In order to switch to a 100% renewable energy economy, governments around the world would have to bring in policy and technology that allows for a drastic electrification of our energy infrastructure plus invest in synthetic fuels if we are to combat climate change without destroying all forests on the planet in the process.

These are the findings of a new paper¹, published in the journal Energies in November, which looked at how much land usage a 100% renewable energy infrastructure would require. To do the international team of researchers created the Renewable Energy Equivalent Footprint (REEF), an alternative way to calculate our energy footprint in a sustainable future.

The REEF is designed to sit alongside ecological footprint measurements such as the carbon footprint, which calculates how much land area would be required for forests able to suck up carbon emissions created through a particular technology, industry or product.

While there is a consensus that the world needs to shift towards renewable energy such as solar and wind, it is important to remember that these technologies will themselves take up land area, said lead author Professor James Ward of the University of South Australia.

“If [the renewable energy] takes up too much space, then we have a different form of problem.
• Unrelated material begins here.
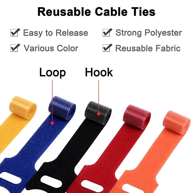 **********Self-gripping tie straps are great for power cords, audio cables, coaxial cable, telephone lines, electrical wires, etc. Organize your cables and cords - no more tangled messes! *****Sort out power cords for; laptops, PCs, audio/TV equipment, video game systems, charger cords for phones/tablets, etc. *****Made of durable fabric material! Add, remove, or adjust your cables and cords whenever you need to - The eye hole in the tail allows you to achieve a more secure wrap. *****These reusable ties are multi-purpose & practical - use them in a variety of ways in the home, office, garage, etc.

We might solve the climate problem but we might not be able to fit the renewable energy on the planet,” he said.

Renewables, land usage and the REEF

While the carbon footprint examines land usage required from current carbon emissions, the REEF instead looks at future energy needs if world governments manage to switch to renewables but maintain their population’s current energy consumption levels.
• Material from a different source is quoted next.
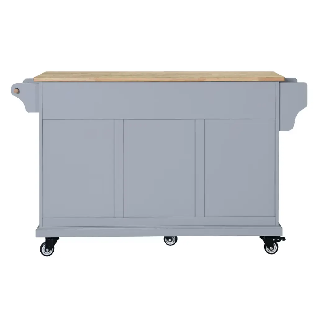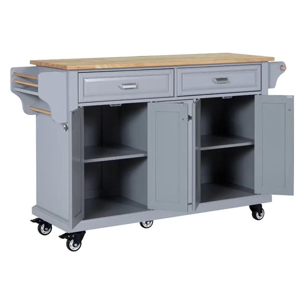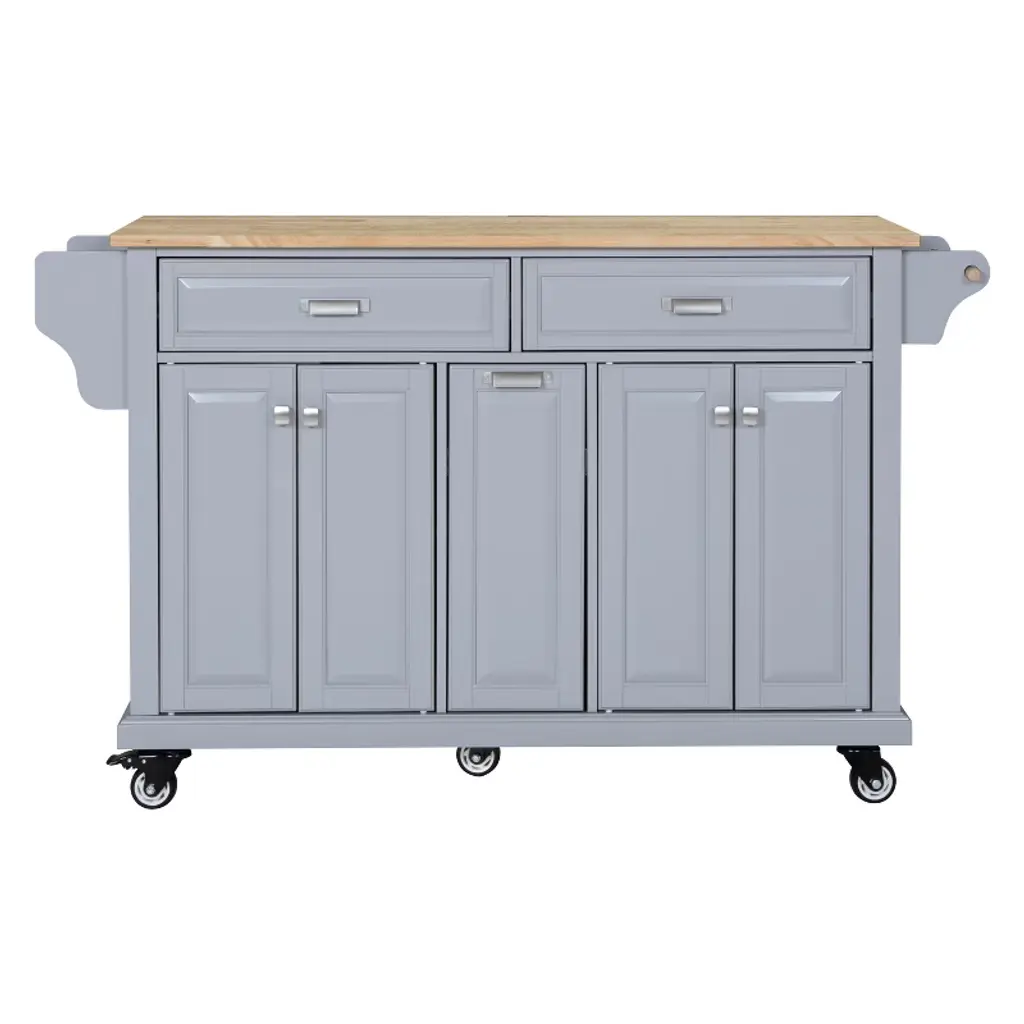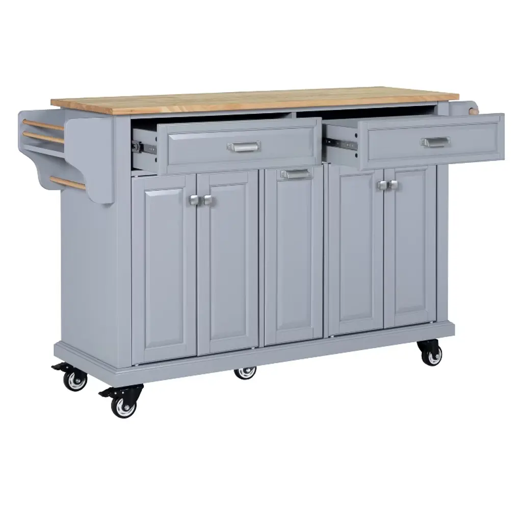Kitchen Island With Rubber Wood Countertop, Kitchen Cart On 5 Wheels With Storage Cabinet And 2 Top Drawers And A Center Double Layered Storage Drawer

“We all know that we need to solve this carbon emissions problem. Well, let us assume that we all agree on that point — that we need to solve it. What would it look like on the other side of that solution? Because the renewable energy that will be required fundamentally to displace fossil fuels and deliver our energy needs, it takes up some physical space as well,” Professor Ward said.
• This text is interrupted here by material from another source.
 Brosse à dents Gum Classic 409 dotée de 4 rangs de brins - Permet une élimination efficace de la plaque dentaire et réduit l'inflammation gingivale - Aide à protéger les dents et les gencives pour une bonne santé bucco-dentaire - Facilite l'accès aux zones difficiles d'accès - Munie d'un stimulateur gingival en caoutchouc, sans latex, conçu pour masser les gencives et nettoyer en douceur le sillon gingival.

Simply focusing on carbon footprint alone could be misleading, he told Lab Down Under, because carbon footprint ignores the land usage for renewables that would be needed on top of the area required to drain the carbon emissions from the atmosphere. The REEF instead offered a “more complete” picture, Professor Ward said.

“Without the REEF, we could be led to believe that if we solved carbon, we suddenly have a vision for a sustainable future,” he told Lab Down Under.

“I’m a staunch advocate of a 100% renewable future but at the same time we need to account for the fact that that has an environmental footprint and that environmental footprint relates to our consumption of energy. And so the benefit that this brings is it allows us to develop, even in a fairly crude way, some estimate of what that footprint might look like and how that relates to our consumption.”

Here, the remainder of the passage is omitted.